Appellant’s complaint in the District Court sought equitable relief, in the form of compelled disclosure of documents, against appellee Commissioner of Food and Drugs in the United States Department of Health, Education and Welfare. The District Court, on cross-motions for summary judgment, held for the Commissioner. Upon appeal from this judgment, it appears that subsequent events have rendered the litigation moot as to some of the documents sought. As to the remainder, which were inspected in camera by the District Court, we find the District Court’s characterization of what that inspection revealed inadequate to admit of meaningful appellate review in terms of the relevant statutory standards. We thus vacate the judgment appealed from and remand for further proceedings consistent herewith.

I

The controversy before us involves the so-called Freedom of Information Act which was enacted by Congress, effective June 5, 1967. 5 U.S.C. § 552. Appellant is an attorney representing manufacturers and distributors of chemical products designed for household use. The Commissioner gave notice in the Federal Register of February 16, 1968, of a proposal on his part to bar from interstate commerce, as a “banned hazardous substance” within the purview of the Federal Hazardous Substances Act (15 U.S.C. § 1261 et seq.), carbon tetrachloride and mixtures containing it. 33 Fed.Reg. 3076. The notice recited that this proposed restriction was founded upon “information gathered from investigations and other sources” which suggested that “the degree or nature of the hazard involved” was such as tó make no other course acceptable. Comments upon the proposal from all interested persons were invited to be submitted by March 16, 1968.

Appellant, by a letter dated March 6, 1968, sought permission “to review and inspect and/or copy all of the records” in the possession of the Commissioner *1338 “which relate in any way to the degree or nature of the hazard” referred to in the Commissioner’s proposal. In a reply of the same date, the Agency’s Information Center Officer gave appellant a list of those materials relied upon by the Commissioner which had already been published. He refused the request otherwise as “too broad.” “Also,” he added, “this would, of necessity, include internal communications, which are exempt from disclosure under (the Freedom of Information Act).” The next day appellant appealed this decision to the Agency’s Information Review Officer, who eventually supplied appellant with three mem-oranda from the Agency records 1 but denied access to all remaining records on the ground that they were “internal documents, such as the briefing memorandum to the Commissioner before the proposal was published, memoranda of telephone conversations, investigative reports, and material submitted to (the Agency) in confidence.” These records, it was said, were “not subject to disclosure.”

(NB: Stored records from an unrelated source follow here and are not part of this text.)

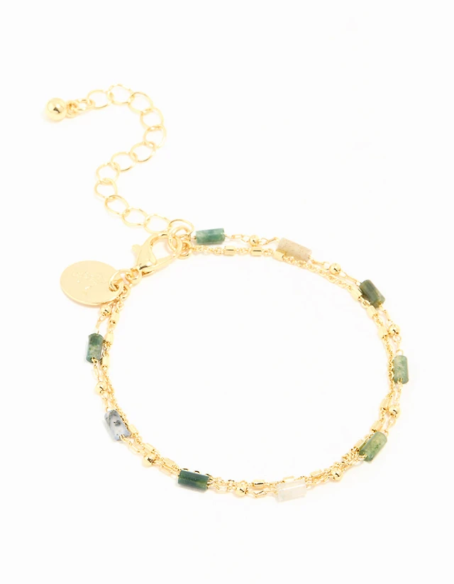Gold Plated Green Semi Precious Stone Layered Chain Bracelet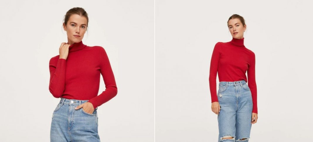 Vamos con un jersey de cuello alto y vuelto ideal para los días más fríos y cuidar la garganta, sin descuidar la moda. Este es perfecto, incluido por su precio de 19,99 euros. En Mango se vende en gris, negro, marrón y rojo. Por este precio igual te conviene comprar más de uno, o alguno para regalo, de paso. Está realizado en tejido de punto fino, con diseño recto y panel de canalé.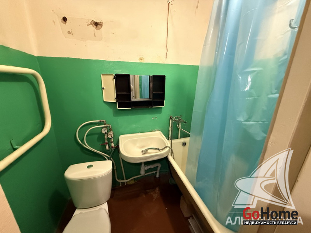 1-комнатная квартира, г. Брест, ул. Молодогвардейская, 1980 г.п., 7 / 9 кирпич, 20,6 / 20,6 / 11,3 / 4,8, санузел совмещенный, деревянные межкомнатные двери, входная дверь деревянная, потолки - побелка (2,52 м), полы - доска крашеная, стены оклеены обоями и окрашены (в санузле), чугунная ванна, домофон. Квартира в жилом состоянии. Один пассажирский лифт. Во дворе парковка для автомобилей. Лот - 260098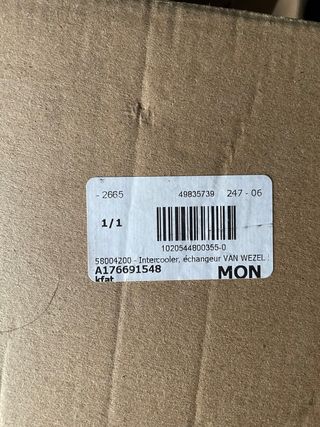 Radiador de admisión intercooler de la marca Van Wezel. SIN USO - Referencia: 58004200 - Código: A176691548

Appellant filed his complaint in the District Court on April 17, 1968. 2 On May 24, the Commissioner issued a final order implementing his proposal. That order was, however, stayed on July 27, 1968, and an evidentiary hearing by the Agency was scheduled on the merits of the order. This action was, as contemplated by the statute, in response to appellant’s filing on June 20 of a formal objection to the order and his request for a public hearing, in which appellant entered an appearance for his clients.

An affidavit filed in the District Court by the Agency identified the items in its file as consisting, in addition to the three memoranda given to appellant on April 3, of .the following:

d. Briefing memorandum to the Commissioner of Food and Drugs regarding the declaration of carbon tetrachloride as a banned hazardous substance;

e. Memoranda of telephone conversation between an employee of the United States Food and Drug Ad *1339 ministration and individuals in other agencies of the Federal Government respecting viewpoints and opinions regarding the danger of carbon tetrachloride;

f. Memoranda of telephone conversations between an employee of the United States Food and Drug Administration and Underwriter’s Laboratory, Inc. staff members respecting the known or potential danger of carbon tetrachloride;

g. Report prepared by the Detroit District of the United States Food and Drug Administration on its investigation into a death reported due to inhalation of carbon tetrachloride, together with the various memoranda of interview written by the United States Food and Drug Administration Inspectors during the investigation, and medical records relating to the death gathered during that investigation and for purposes of the report;

h. Memorandum from the Office of Legislative Services to the Associate Commissioner for Compliance regarding carbon tetrachloride.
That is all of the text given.